Я с готовностью соглашаюсь:
– Давай, иди, возьми ещё по столько же.
Она смеётся и уходит за водкой. Я скучающим видом обвожу мрачные стены рюмочной, обитые коричневыми досками ДСП. Все эти пластмассовые цветы в дешёвых кашпо, почерневшие репродукции Шишкина и Куинджи, засаленные занавески на огромных окнах внезапно портят мне настрой. Хочется поскорее уйти отсюда, тем более я вспоминаю, что у меня сегодня в полдень занятие с ученицей, и я понимаю, что домой уже нет смысла ехать. Смысла вообще нет ни в чём – ни в этой жизни, ни в этом мире, ни в этом дне. Мысли одолевают мой слегка согретый водкой разум, но думать мне лень, и это спасает меня от навалившейся хандры. Хандрить – это тоже определённая душевная работа, погрузить себя в тоску и ненавидеть окружающую действительность – на это уходит слишком много сил, а мне ещё тащиться в Строгино. Не ближний свет, между прочим, от Никитской.
Маша возвращается с новой порцией водки. Она развеселилась, и на её серых щеках появляются бледно-розовые пятна подобия румянца. Мы чокаемся и выпиваем:
– За днюху! – чуть громче, чем нужно, говорю я, и привлекаю внимание похмельного мужика.
Он дожидается, пока мы поставим свои рюмки на столик, и подаёт голос, хриплый и низкий, как у простуженного пса:
– Девушки, а?
Маша хихикает, она стоит лицом к мужику, поэтому видит его, и видимо, это зрелище кажется ей забавным. Я не оборачиваюсь, все эти братания в заведениях подобного толка мне хорошо известны, и заканчиваются они всегда одинаково – безобразным скандалом.

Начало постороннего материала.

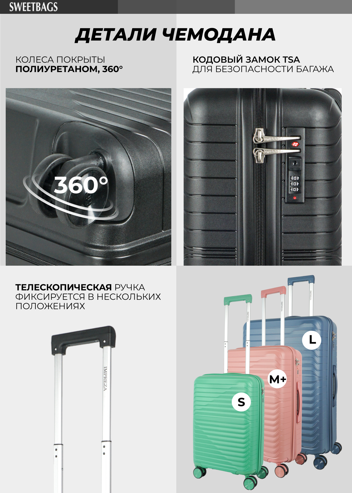 Чемодан Sweetbags средний из полипропилена с TSA замком (Импульс) черный M+ 7 190 ₽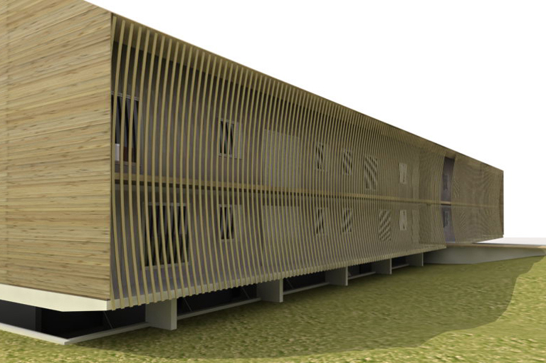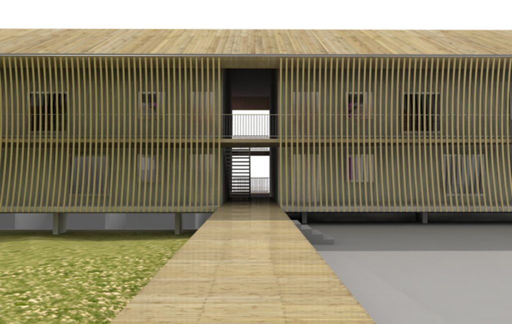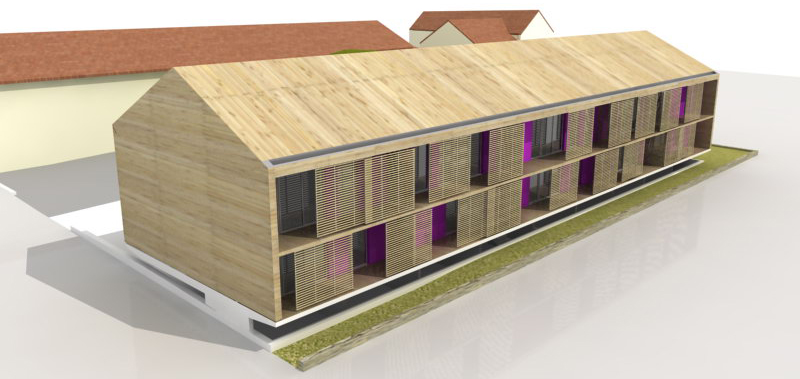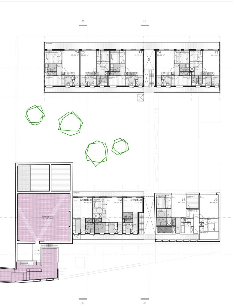 A l’intérieur de la parcelle, reprenant le gabarit de ce nouvel ensemble, un bâtiment neuf en ossature bois s’installe en parallèle. Il abrite 12 logements desservis par une coursive fermée par un claustra de bois incurvé.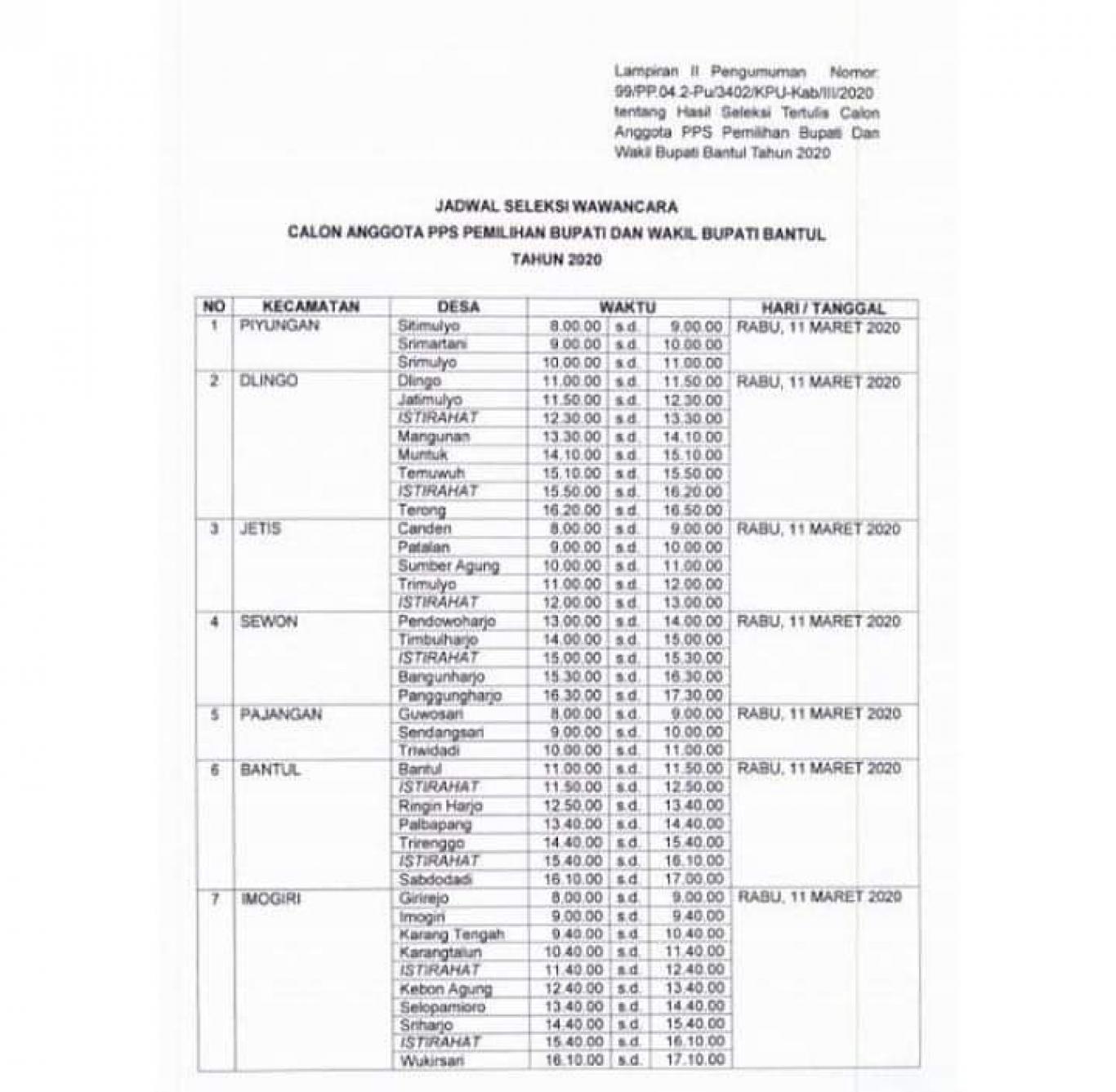 Ngestiharjo (10/3) Berikut jadwal pelaksanaan tes wawancara PPS oleh KPU Bantul.

– Девушки! Я, кажется, к вам обращаюсь! Ну!
– Маш, не реагируй, – шепчу я ей. Но Маша после ста грамм уже готова к приключениям, её душа жаждет общения, она продолжает глупо хихикать, и я её уже почти ненавижу.
–Что? – хихикая, говорит она то ли мне, то ли мужику, и ему становится достаточно этого тоненького мостика, чтобы со своей почти пустой кружкой переместиться к нам поближе.
Он занимает соседний от нас стол, не решаясь присоединиться к нам, так как спотыкается о мой суровый взгляд, полный презрения.
– Я тут подслушал, у кого-то из вас день рождения?
– У меня, – хихикает Маша.
– Поздравляю от всей души! – поднимает свою кружку мужик.
Он делает большой последний глоток, громко ставит кружку на стол и лезет в карман за бумажником. Я закатываю глаза: «Начинается». Маша ошибочно думает, что сейчас новый знакомый предложит угостить нас, но так она решает по присущей ей наивности и малоопытности. Подобные типы никогда не угощают дам, им себе-то на пиво еле удаётся наскрести, тем более после воскресной попойки. И точно. Из бумажника мужик достаёт помятую фотографию девочки – на вид лет шести – и сует её Маше под нос.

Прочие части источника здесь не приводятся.